Despite the claims of some right-wing politicians and media outlets, climate change is a very real threat to the future survival of humankind on Earth. The deal agreed in November 2014 between the U.S. and China to reduce carbon emissions is an important step on the part of influential political leaders to address the issue. However, the vested interests of the fossil fuel industry (and their strong ties and financial backing of right-wing political parties not only in the U.S. but also the UK and Australia) and political in-fighting within countries means that a truly global response to this most pressing of concerns still seems a long way off. Indeed, in Australia (a country, let us not forget, that will be at the forefront of changes to the climate, having already experienced drastic droughts and fires as a result – according to the vast majority of scientists – of global warning) the incumbent Liberal government has become the first Western nation to actually dismantle legislation intended to combat the man-made warming of the planet by repealing a tax on carbon emissions.
However, despite the frustrating lack of accord among the political classes, climate change is still being tackled on the individual level. Many people are taking it upon themselves to reduce their own impact on global warming. Here are some ways that everyone can help to combat climate change.
Use energy efficiently
It sounds simple, but the best way to reduce emissions of the greenhouse gases that are primarily responsible for climate change is to reduce the amount of energy we use. The cumulative effect of small changes in energy use can help reduce consumption. For instance, in the home, turn appliances off when you are not using them (rather than putting them on standby), change light bulbs to low-energy alternatives, and only run the washing machine when you have a full load. In the permaculture garden you can also use planting techniques to modify temperatures in buildings, by establishing a deciduous tree next to the house to provide shade, for example.
Get green energy
The vast majority of the energy we use is generated by the burning of fossil fuels. However, there are several different methods of generating energy from renewable sources, namely wind, solar, wave and geothermal. Increasing numbers of companies are recognizing that consumers want to be able to access green energy, and you should be able to find a green energy supplier in your local area to whom you can switch your energy supply. Alternatively, you can install green energy capture systems on your property to become more self-sustainable in your energy use. Consider installing solar panels or a wind turbine if your property is suitable. You may even be able to sell surplus energy to the municipal system.
Use water efficiently
It takes a lot of energy to treat, move and heat water for domestic use, so using it efficiently within your home is
water-21070_640another way of contributing to the fight against climate change. Besides developing water-aware habits, such as turning off the tap while you brush your teeth and only filling the kettle with as much water as you need, make sure all your water appliances, such as toilets and showers, are in good working order to avoid leaks and water wastage. As permaculturists, we seek to maximize the effectiveness of irrigation in the garden, and reusing household water, be it the liquid used to wash vegetables or a full greywater recycling system, can significantly reduce water use.

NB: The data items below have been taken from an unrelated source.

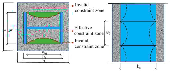 The calculation methods in the existing codes do not take into account the effect of restraint on the force performance of concrete. Mander [24] considered that hoop bars have a lateral restraint on concrete, which can put concrete in a three-way compressive stress state and can improve the axial compressive strength of concrete. His proposed model of hoop-constrained concrete columns considers that the restraint boundary curve in the plane of hoop-constrained concrete and between the hoop bars on both sides is parabolic, assuming an initial angle of 45 degrees. According to the lateral restraint action, the concrete can be divided into two different zones—the invalid constraint zone and the valid constraint zone [25]—as shown in Figure 12.
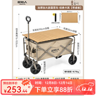 原始人露营推车营地拖车户外折叠旅行手推野餐小推车野营遛娃快递手拉车 250L 桌板套餐:加大款卡其+桌板
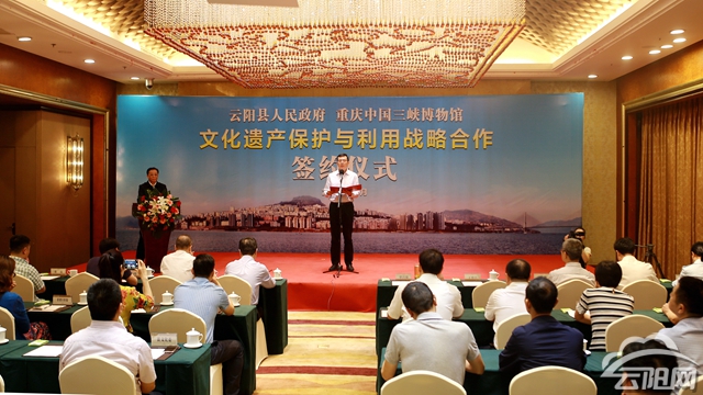 當(dāng)天上午,云陽(yáng)縣政府和重慶中國(guó)三峽博物館舉行戰(zhàn)略合作簽約儀式,市文化委副主任、文物局局長(zhǎng)幸軍,重慶中國(guó)三峽博物館館長(zhǎng)程武彥,縣委副書記、縣長(zhǎng)覃昌德,縣委常委、宣傳部部長(zhǎng)丁笙洺等領(lǐng)導(dǎo)出席簽約儀式。
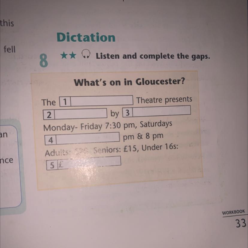 Ответ:The season Theatre presents 2)In by 3) vistrise Monday-Friday 7:30 pm,Saturdays 4)Time pm & 8 pm Adults:€20,Seniors:€15,Under 16s

Whenever possible, use public transport rather than your car. Municipal mass transit systems are much less polluting than cars, and by utilizing them you indicate your support for your local authority to focus resources on improving and expanding them. For short journeys, walking will reduce your impact on the climate to zero, and give you a chance to exercise.
Sometimes, of course, you cannot avoid using the car, but there are steps you can take to ensure your impact on the environment when behind the wheel is kept to a minimum. The first thing is to make sure the vehicle is running at its most efficient. That means checking the components of the engine are all in good working order, that the air filter is not blocked, that the oil is at the correct level and is of the right grade, and that the tires are inflated to the ideal pressure. These help the car use less fuel, saving you money and minimizing the need for repairs. Once on the move, avoid harsh breaking and rapid acceleration, and try not to idle with the engine running for lengthy periods of time.
You can also look at combining activities so you only make one trip in the car – by doing the grocery run on the way home from work, for example, rather than taking a separate trip – and car-sharing, particularly if you have colleagues at the office who live near you.
Reduce your food miles – the energy required to grow, harvest, process, package and transport the food products you buy – by purchasing local, seasonal wholefoods. Food products that have not been processed with preservatives so they can be transported long distances are also better for you health-wise. Try to reduce the amount of meat and diary you eat. Estimates put the proportion of greenhouse gases caused by the production of meat and dairy products at 18 percent. Even going meat-free for just one day per week will have a significant impact on your contribution to greenhouse gas production.
The energy cost to recycle materials such as paper, glass and plastic is much lower than that required to manufacture new products. Whenever possible, use recycling schemes in your neighborhood, and if there isn’t one, lobby the local authorities to institute such a scheme. Composting your food waste reduces landfill and thus the greenhouse gases that leak from them. Take care of your belongings so that they last longer and you do not have to buy new products so regularly.